▶ [Material for this task]:
--*--
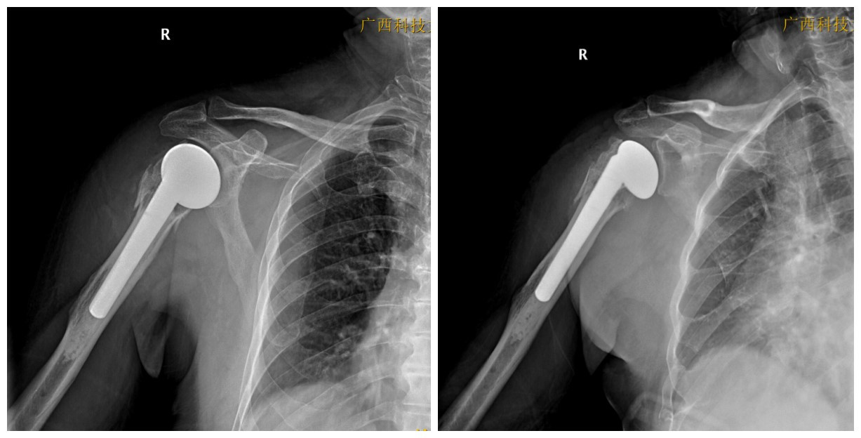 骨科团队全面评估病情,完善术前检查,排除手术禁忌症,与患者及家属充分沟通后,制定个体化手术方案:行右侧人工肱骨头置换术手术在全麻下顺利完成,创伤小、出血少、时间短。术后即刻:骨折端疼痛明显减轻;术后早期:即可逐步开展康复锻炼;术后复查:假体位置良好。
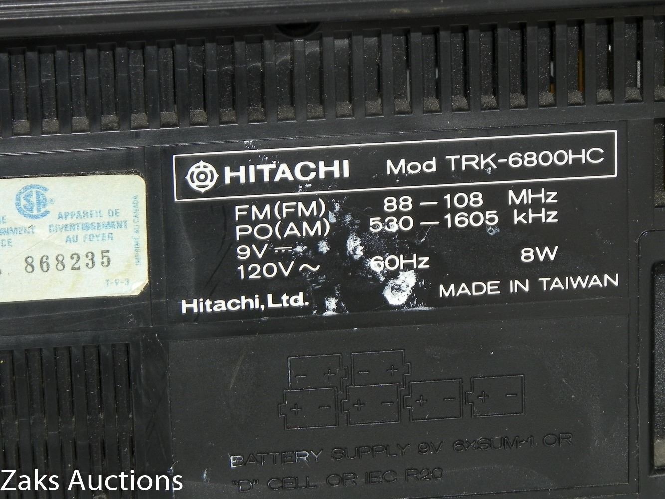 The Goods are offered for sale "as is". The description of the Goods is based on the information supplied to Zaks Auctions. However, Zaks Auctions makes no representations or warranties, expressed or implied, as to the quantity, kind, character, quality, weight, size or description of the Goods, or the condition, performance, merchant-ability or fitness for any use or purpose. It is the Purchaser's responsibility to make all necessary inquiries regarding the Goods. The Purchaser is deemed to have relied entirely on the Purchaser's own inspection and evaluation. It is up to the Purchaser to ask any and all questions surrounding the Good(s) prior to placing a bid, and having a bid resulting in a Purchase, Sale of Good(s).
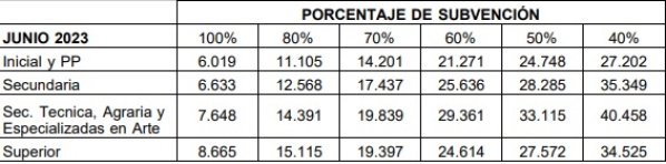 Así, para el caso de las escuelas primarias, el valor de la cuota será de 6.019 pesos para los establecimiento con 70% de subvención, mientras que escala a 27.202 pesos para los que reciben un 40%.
--*--
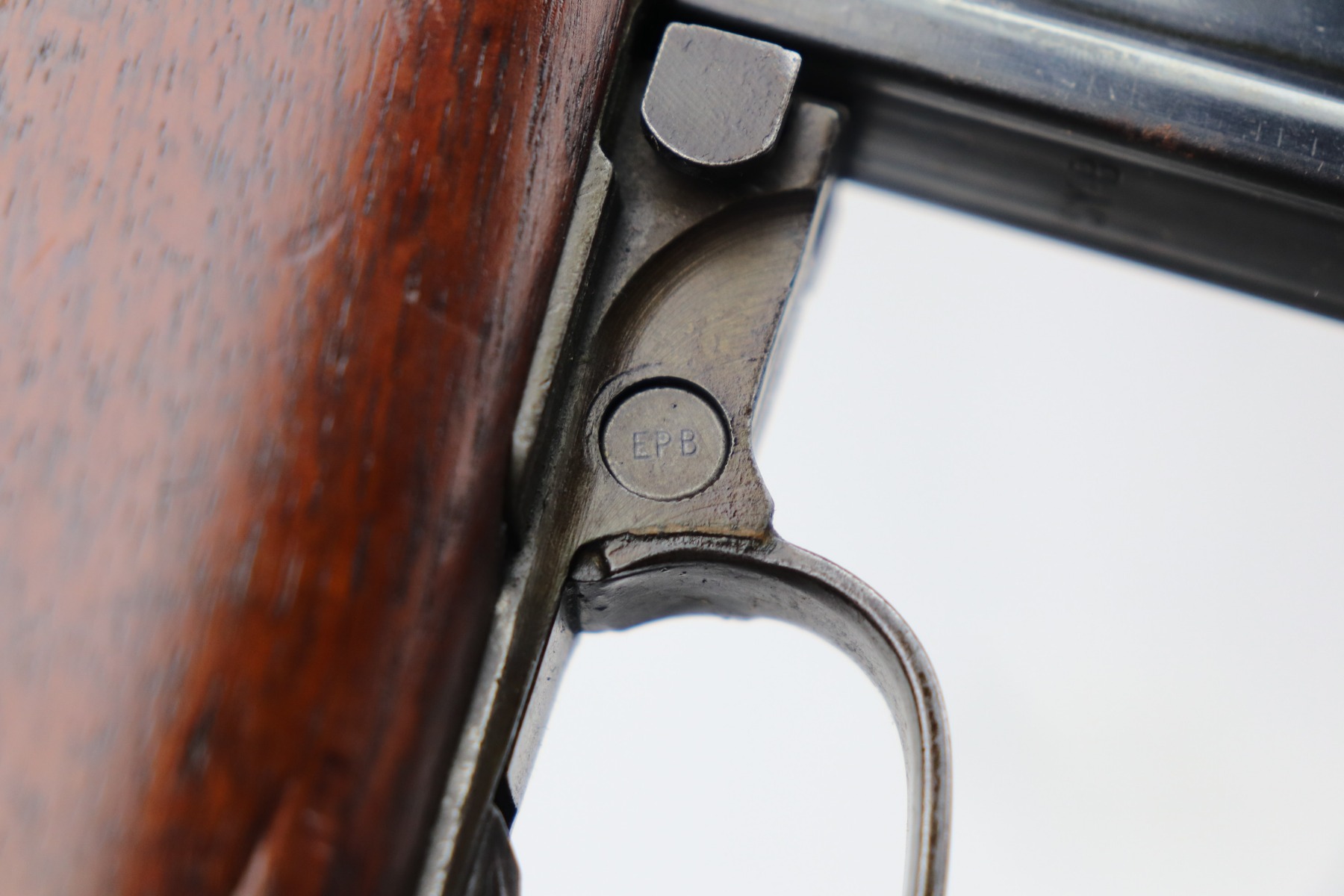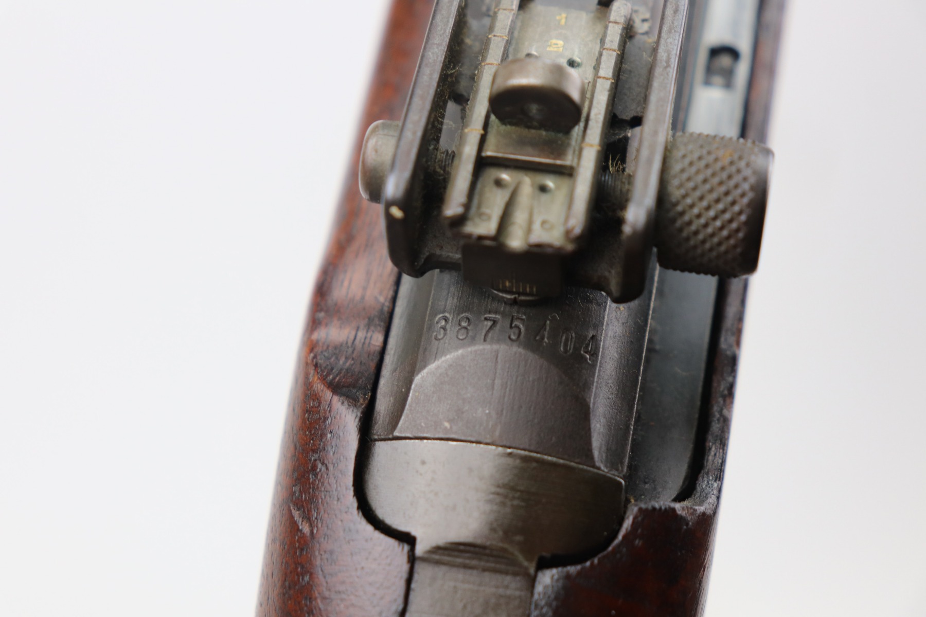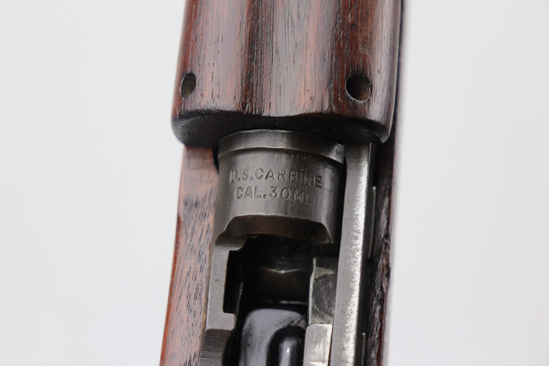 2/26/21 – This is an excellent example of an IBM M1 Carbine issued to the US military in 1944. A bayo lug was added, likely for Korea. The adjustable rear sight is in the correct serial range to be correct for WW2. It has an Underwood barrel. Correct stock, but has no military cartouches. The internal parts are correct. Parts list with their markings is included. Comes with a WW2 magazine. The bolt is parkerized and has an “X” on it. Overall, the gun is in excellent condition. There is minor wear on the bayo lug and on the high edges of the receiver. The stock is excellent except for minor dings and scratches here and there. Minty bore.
--*--
▶ [Work required]: The answer must be the lines above from the one containing "骨科团队全面评估病情,完善术" through the one containing "Así, para el", reproduced exactly, with no pictures and nothing else.

▶ [Result of the task]:
 骨科团队全面评估病情,完善术前检查,排除手术禁忌症,与患者及家属充分沟通后,制定个体化手术方案:行右侧人工肱骨头置换术手术在全麻下顺利完成,创伤小、出血少、时间短。术后即刻:骨折端疼痛明显减轻;术后早期:即可逐步开展康复锻炼;术后复查:假体位置良好。
 The Goods are offered for sale "as is". The description of the Goods is based on the information supplied to Zaks Auctions. However, Zaks Auctions makes no representations or warranties, expressed or implied, as to the quantity, kind, character, quality, weight, size or description of the Goods, or the condition, performance, merchant-ability or fitness for any use or purpose. It is the Purchaser's responsibility to make all necessary inquiries regarding the Goods. The Purchaser is deemed to have relied entirely on the Purchaser's own inspection and evaluation. It is up to the Purchaser to ask any and all questions surrounding the Good(s) prior to placing a bid, and having a bid resulting in a Purchase, Sale of Good(s).
 Así, para el caso de las escuelas primarias, el valor de la cuota será de 6.019 pesos para los establecimiento con 70% de subvención, mientras que escala a 27.202 pesos para los que reciben un 40%.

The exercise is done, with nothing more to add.